The fourth book in question is another work of Maurolycus, the Opuscula Mathematica, Venice, 1575, 4to. On the title it appears that this collection was then published for the first time. It consists of a collection of tracts, and a work on arithmetic with a second title page of the same place and date as the first. Here, as often happens, is a source of confusion: in binding, these works are separated, each title page being made the beginning of a separate work. Two things are very common at the date now before us, the binding up of different publications in one, and the distribution of one publication under different title pages, often without any mark by which to know that all the titles belong to one work. Hence catalogues sometimes represent different publications as one, and sometimes represent one publication under several heads; the binder being the authority in both cases. On looking (14) more narrowly, to see whether the work itself gives any information on this point, we find, on the verso (15) of the first title page, a table of contents, at the end of which is "Quibus omnibus arithmeticorum libri duo demum accesserunt." This is conclusive as to one difficulty, but it introduces another. The word demum usually indicates that the edition in question is not the first; at last, we are told, the two books of arithmetic are added. Either then there are previous editions without the arithmetic, or at last the arithmetic is added, and a new title-page, probably of later date, printed before all. Nevertheless, we can find no indication of any earlier edition or earlier title-page. None is mentioned; the arithmetic [13] now under consideration has in it a list of works, distinguishing and dating those which were printed, but not containing anything to our present purpose. The maker of a catalogue would be compelled to raise the doubt of a second edition, or of a title-page with a new date, unless he happened to know that Maurolycus died in 1575. We now learn the meaning of demum: the work had been waiting for the arithmetic, which the author could not or would not finish, and his death at last enabled the publisher to obtain the manuscript, and complete the undertaking. This view of the case is enforced by our finding the arithmetic wholly destitute of preface or introduction, and with some gaps in the manuscript.

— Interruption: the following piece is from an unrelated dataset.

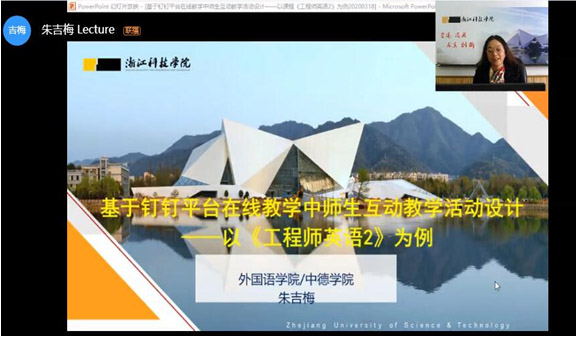 朱吉梅分别从现实背景、理论基础和实践操作三个方面层层递进,梳理了新冠肺炎疫情期间上级教育主管部门和浙江科技四虎 发布的一系列文件,指出在当前疫情突发且持续的背景下,采用线上教学方式是实现“离校不离教,停课不停学”的必然选择。同时引用多篇文献介绍互动教学的理论基础、方案和方法。朱吉梅认为基于互动教学理论的钉钉平台能够帮助教师及时掌握学生课堂表现,提高教学互动的有效性。朱吉梅以《工程师英语2》课程为例,向大家展示了基于紧扣课程教学目标、紧贴学生实际、紧跟时政和热点的“三紧”设计原则下的互动教学活动方案,并实际演练了如何在钉钉平台操作实现,以确保线上与线下教学实质等效。教学实践展示中时不时选取疫情防控期间的素材融入英语课堂教学,实现外语课程的思政育人,将外语教学转变为外语教育。

These circumstances, apparently so unimportant, help to decide an historical question which is not without interest. We have seen that the Cosmographia has a passage which indicates a lurking fear that the doctrine of the earth's motion was likely to be maintained. Though, by 1543, there was plenty of time to become aware of Rheticus's announcement of Copernicus, yet Maurolycus tells us, with the utmost definiteness, at the end, that the work was "finished at Messina, in the straits of Sicily, on Thursday, October 21, indiction ix, in the year of grace 1535, being the day on which the Cæsar, Charles V., returned to Messina from his African expedition." May we, in the face of such an announcement, suppose that this work afterwards underwent augmentation? If not, we have such presumption of the doctrine in question being in agitation, as it might be difficult to find elsewhere. But this presumption is destroyed by the work on arithmetic, which though certainly unfinished, is terminated by the announcement, that it was finished "at the eighteenth hour of the Sabbath, July 24, when the viceroy Jo. Cerda was expected at Messina, cum multo pontis et arcus apparatu, indiction xv, 1557."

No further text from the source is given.